## WORK ITEM
Using the data that follows, give again word for word the lines between the one holding "Son revêtement en" and the one holding "Gewürzgurken. Netto Füllmenge", inclusive. Omit the pictures.

## ENTRIES SHOWN
/---
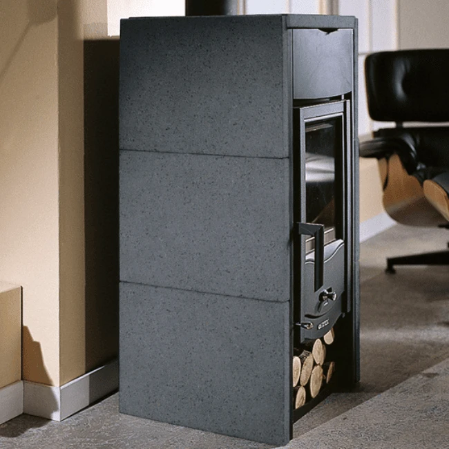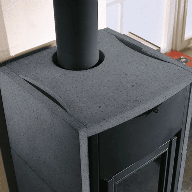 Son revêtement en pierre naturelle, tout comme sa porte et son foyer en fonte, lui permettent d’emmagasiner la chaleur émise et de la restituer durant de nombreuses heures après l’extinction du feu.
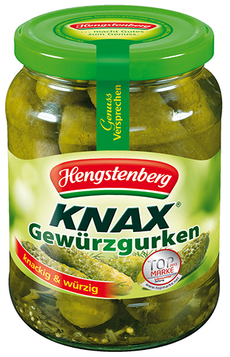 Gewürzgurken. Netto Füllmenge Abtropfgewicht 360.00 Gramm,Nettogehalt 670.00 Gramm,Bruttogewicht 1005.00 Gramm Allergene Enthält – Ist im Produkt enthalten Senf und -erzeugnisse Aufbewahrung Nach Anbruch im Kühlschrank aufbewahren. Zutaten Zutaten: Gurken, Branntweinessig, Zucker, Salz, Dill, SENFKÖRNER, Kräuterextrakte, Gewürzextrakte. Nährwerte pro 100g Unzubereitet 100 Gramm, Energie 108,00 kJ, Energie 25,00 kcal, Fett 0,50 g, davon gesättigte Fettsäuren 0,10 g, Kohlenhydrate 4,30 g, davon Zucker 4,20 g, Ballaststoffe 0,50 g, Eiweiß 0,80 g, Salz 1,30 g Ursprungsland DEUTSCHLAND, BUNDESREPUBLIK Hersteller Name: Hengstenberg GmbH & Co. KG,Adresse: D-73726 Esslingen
\---
/---
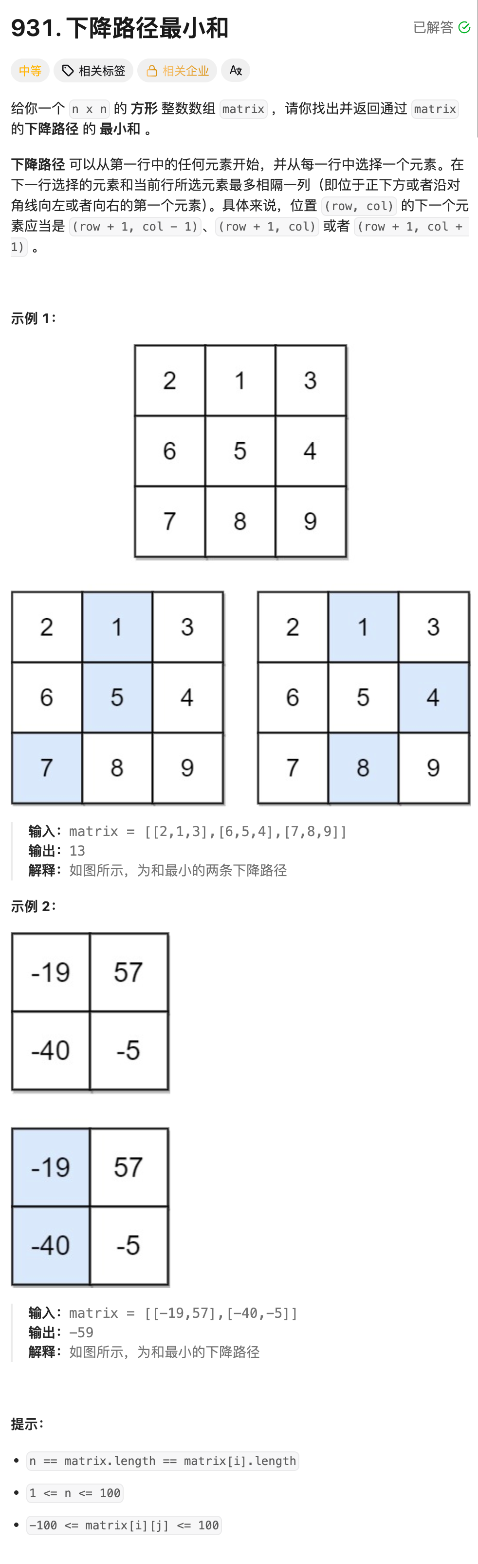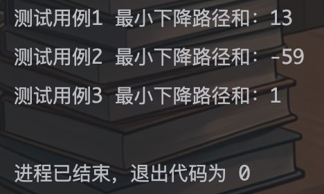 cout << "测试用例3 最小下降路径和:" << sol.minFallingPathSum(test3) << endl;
\---
/---
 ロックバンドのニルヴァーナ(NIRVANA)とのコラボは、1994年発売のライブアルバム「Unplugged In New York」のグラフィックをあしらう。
\---
## SOLUTION TO THE EXERCISE
 Son revêtement en pierre naturelle, tout comme sa porte et son foyer en fonte, lui permettent d’emmagasiner la chaleur émise et de la restituer durant de nombreuses heures après l’extinction du feu.
 Gewürzgurken. Netto Füllmenge Abtropfgewicht 360.00 Gramm,Nettogehalt 670.00 Gramm,Bruttogewicht 1005.00 Gramm Allergene Enthält – Ist im Produkt enthalten Senf und -erzeugnisse Aufbewahrung Nach Anbruch im Kühlschrank aufbewahren. Zutaten Zutaten: Gurken, Branntweinessig, Zucker, Salz, Dill, SENFKÖRNER, Kräuterextrakte, Gewürzextrakte. Nährwerte pro 100g Unzubereitet 100 Gramm, Energie 108,00 kJ, Energie 25,00 kcal, Fett 0,50 g, davon gesättigte Fettsäuren 0,10 g, Kohlenhydrate 4,30 g, davon Zucker 4,20 g, Ballaststoffe 0,50 g, Eiweiß 0,80 g, Salz 1,30 g Ursprungsland DEUTSCHLAND, BUNDESREPUBLIK Hersteller Name: Hengstenberg GmbH & Co. KG,Adresse: D-73726 Esslingen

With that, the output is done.